Methods: : Israeli and Palestinian patients from 35 families with various autosomal recessive retinal degenerative diseases were recruited for the study. Clinical evaluation included a full ophthalmologic exam, assessment of refractive error, color vision testing, and full-field electroretinography (ERG). Haplotype analysis was performed by studying single nucleotide polymorphisms (SNPs) within the NR2E3 gene. A screen for mutations was performed by direct sequencing of PCR products.
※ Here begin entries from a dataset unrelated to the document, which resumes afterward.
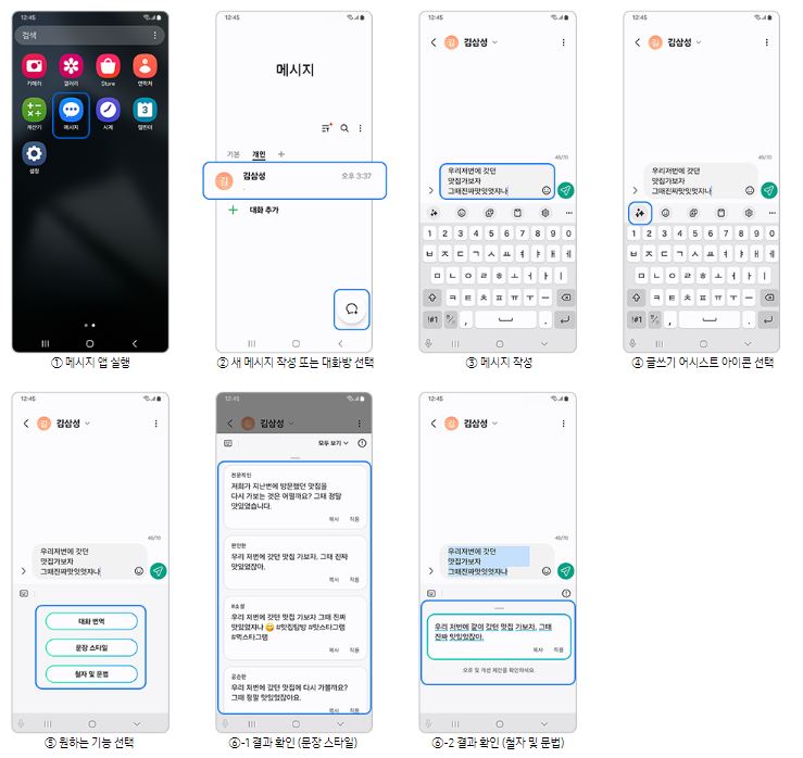 - 메시지앱 실행 > 새 메시지 작성(대화방) > 메시지 작성 > 글쓰기 어시스트 아이콘 선택 > 원하는 기능 선택 > 확인
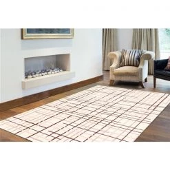 A&E Bath & Shower Onslow 5-ft x 7-ft Cream/Petrol Grey Rectangular Indoor Geometric Rug
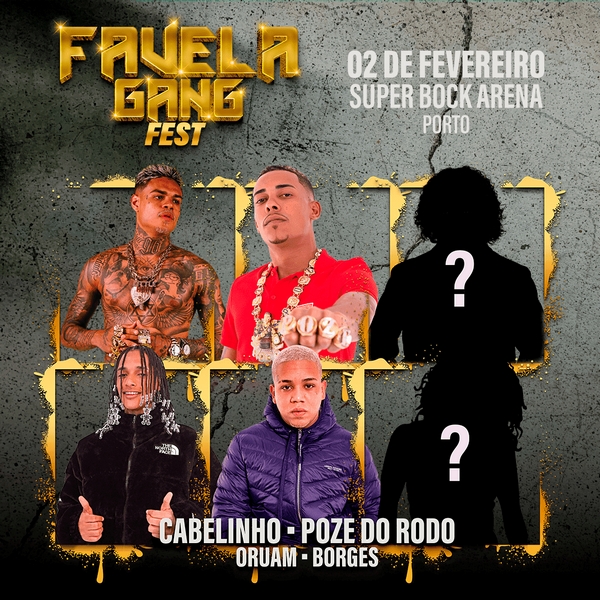 Favela Gang Fest, a mais nova celebração da cultura hip-hop, promete transformar a Super Bock Arena, no Porto, na grande casa do rap no norte de Portugal. Pela primeira vez, no dia 2 de fevereiro , o evento reúne um line-up bombástico, destacando alguns dos maiores nomes da cena do rap/ trap brasileiro, incluindo Cabelinho, Poze do Rodo, Borges, Oruam e muitos outros.

Results: : We recruited six consanguineous Muslim families and two Jewish families with the clinical diagnosis of ESCS. Patients from these families manifested decreased visual acuity early in life and the characteristic ERG findings which include severe impairment of the rod response accompanied by atypical supernormal cone responses under both photopic and scotopic conditions. Clumped pigment was observed in the peripheral retina of some of these patients. In four of the six Muslim families, we identified a known homozygous NR2E3 mutation, c.119-2A>C (IVS1-2A>C). In the remaining two Muslim families, no NR2E3 mutations were identified. In the two Jewish families, compound heterozygous mutations were found: patient MOL0581-1 was a compound heterozygote for a known NR2E3 mutation (c.932G>A; R311Q) and a novel deletion (c.194-202del9bp); patient MOL0528-1 was a compound heterozygote for c.932G>A and a novel splice-site mutation, c.747+1G>C (IVS5+1G>C). To study the possible role of NR2E3 in the etiology of retinitis pigmentosa (RP), we performed a homozygosity analysis in 27 consanguineous families with a clinical diagnosis of autosomal recessive RP. The analysis revealed a homozygous mutation, c.932G>A, in one Muslim and one Jewish family. Interestingly, the ERG responses in these patients were compatible with RP and did not show the characteristic ESCS pattern.

Conclusions: : Our results demonstrate the involvement of NR2E3 in both ESCS and autosomal recessive RP in our population. Genetic testing for ESCS in the Muslim population will be enhanced with our identification of a common NR2E3 mutation causing the disease in this population.